Suresh P K
Department of Biomedical Sciences, School of Bio Sciences and Technology,VIT University, Vellore, Tamil Nadu, India.
J Cancer Res Ther. 2016 Oct-Dec;12(4):1224-1233. doi: 10.4103/0973-1482.176169.
Major histocompatibility complex Class I-related chain A/chain B (MICA/MICB) is stress-inducible, highly polymorphic ligands whose expression at the transcript level has been detected in all tissues except the central nervous system. However, their restricted protein expression is due to their regulation at the posttranslational level. Its levels are elevated in virally infected and neoplastically transformed cells. Membrane expression of this NKG2DL marks the aberrant cells for elimination by those immune effector cells that express the cognate NKG2D receptor. Among the evasion strategies developed by tumors, the metalloprotease-dependent shedding of MICA/MICB from tumors (either the free or the exosome form) can contribute to the inhibition of cytolysis by the immune effector cells (all NK cells, most NKT cells; γδ CD8+ T cells and αβ CD8+ T cells, as well as some αβ CD4+ T cells). There are micro-RNA clusters that regulate surface expression and shedding. Polymorphic variants can be used as susceptibility/associative markers and can also possibly be used to correlate with tumor survival as well as staging/grading of tumors. Variations in the expression level require quantification of this marker for diagnostic/prognostic and therapeutic purposes. Mechanism-based studies would provide a better tumor-specific understanding of their relative roles in the processes of tumor cell elimination versus growth and progression. Last but not least, conventional, interlaboratory validated assays (for, e.g., antibody-based methods) should be replaced by robust, reproducible, feasible biophysics-based methods using tumor biopsies. Further, correlative DNA polymorphism-based studies can be done using biological fluids (for, e.g., human saliva) that can be sampled by minimally invasive means.

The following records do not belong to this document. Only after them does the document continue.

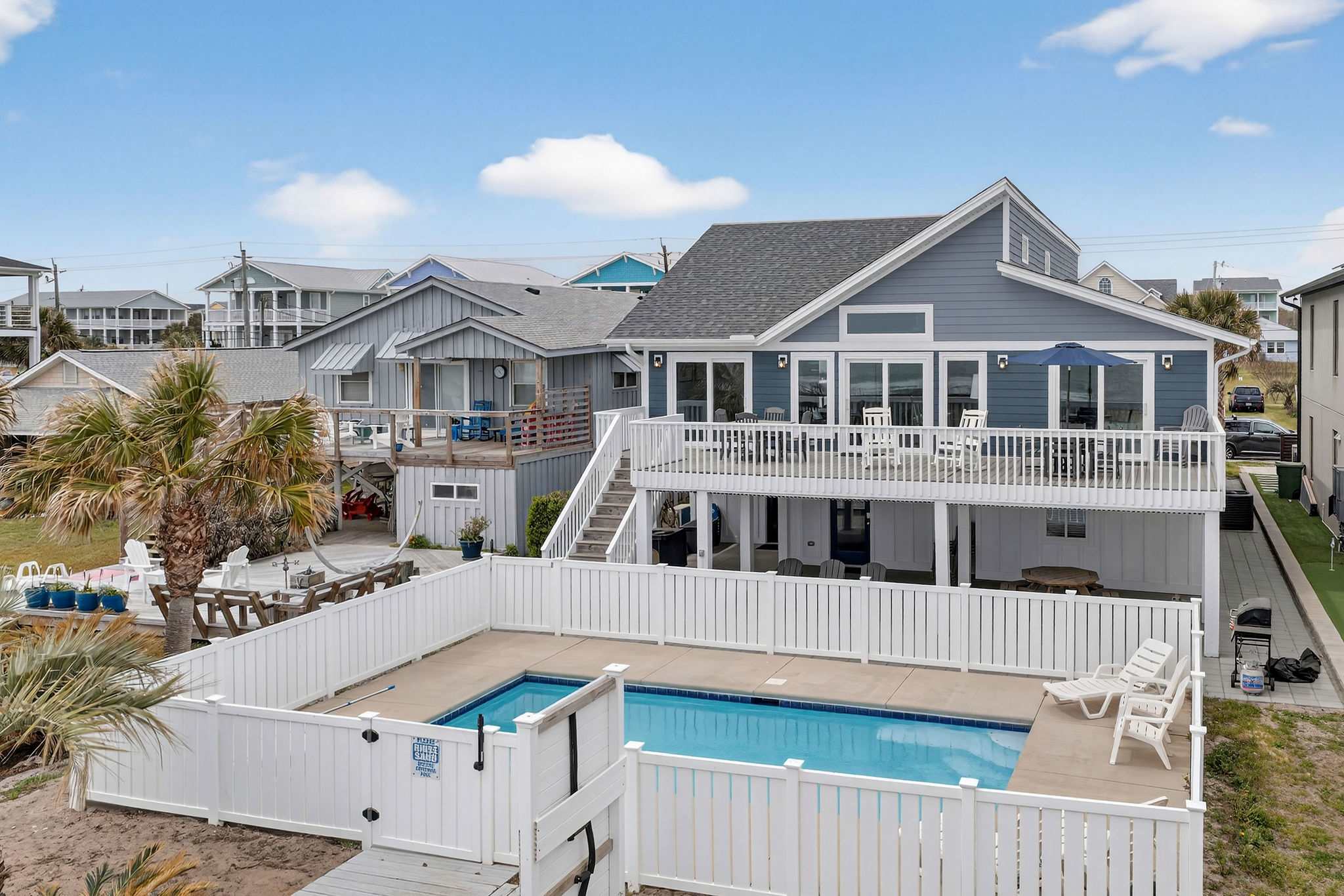 Indulge in coastal luxury at Sea Monster, a stunning 5-bedroom, 3-bathroom oceanfront retreat. Enjoy a private pool and direct beach access for the perfect blend of comfort and seaside bliss. Book now for an unforgettable coastal getaway! Remodeled oceanfront front
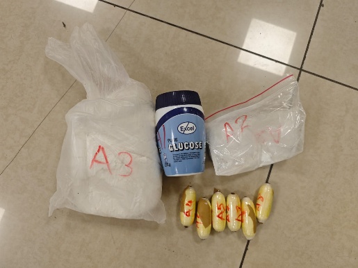 Acting on specific intelligence, DRI officers intercepted the passenger upon her arrival. Detailed examination of her baggage led to the recovery of 2 food packets containing white powder, 1 plastic container containing white powder and 1 pouch was found containing pellets containing white powdery substance. Officers also recovered two capsules that had been ingested by the passenger. Testing of the recovered substances, using NDPS field test kit, showed positive results for Cocaine.
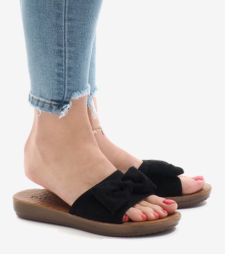 Czy można dobrać klapki damskie do casualowej, sportowej lub eleganckiej odzieży? Delikatny i subtelny model z kokardą w czarnym kolorze to najlepszy dowód, że to wcale nie jest skomplikowane. Jest to idealna alternatywa dla sandałów, które niekoniecznie mogą do wszystkiego lub każdemu odpowiadać.

主要组织相容性复合体I类相关链A/链B(MICA/MICB)是应激诱导的、高度多态的配体,除中枢神经系统外,在所有组织的转录水平均检测到其表达。然而,它们有限的蛋白质表达归因于翻译后水平的调控。在病毒感染和肿瘤转化细胞中其水平升高。这种自然杀伤细胞2D配体(NKG2DL)的膜表达标记异常细胞,以便被表达同源自然杀伤细胞2D(NKG2D)受体的免疫效应细胞清除。在肿瘤发展的逃避策略中,肿瘤中依赖金属蛋白酶的MICA/MICB脱落(游离或外泌体形式)可导致免疫效应细胞(所有自然杀伤细胞、大多数自然杀伤T细胞;γδ CD8+ T细胞和αβ CD8+ T细胞,以及一些αβ CD4+ T细胞)对细胞溶解的抑制。存在调节表面表达和脱落的微小RNA簇。多态变体可作为易感性/关联标记,也可能用于与肿瘤存活以及肿瘤分期/分级相关联。表达水平的变化需要对该标记进行定量以用于诊断/预后和治疗目的。基于机制的研究将更好地从肿瘤特异性角度理解它们在肿瘤细胞清除与生长和进展过程中的相对作用。最后但同样重要的是,传统的、经实验室间验证的检测方法(例如基于抗体的方法)应由使用肿瘤活检的强大、可重复、可行的基于生物物理学的方法取代。此外,可以使用可通过微创方式采集的生物体液(例如人唾液)进行基于DNA多态性的相关研究。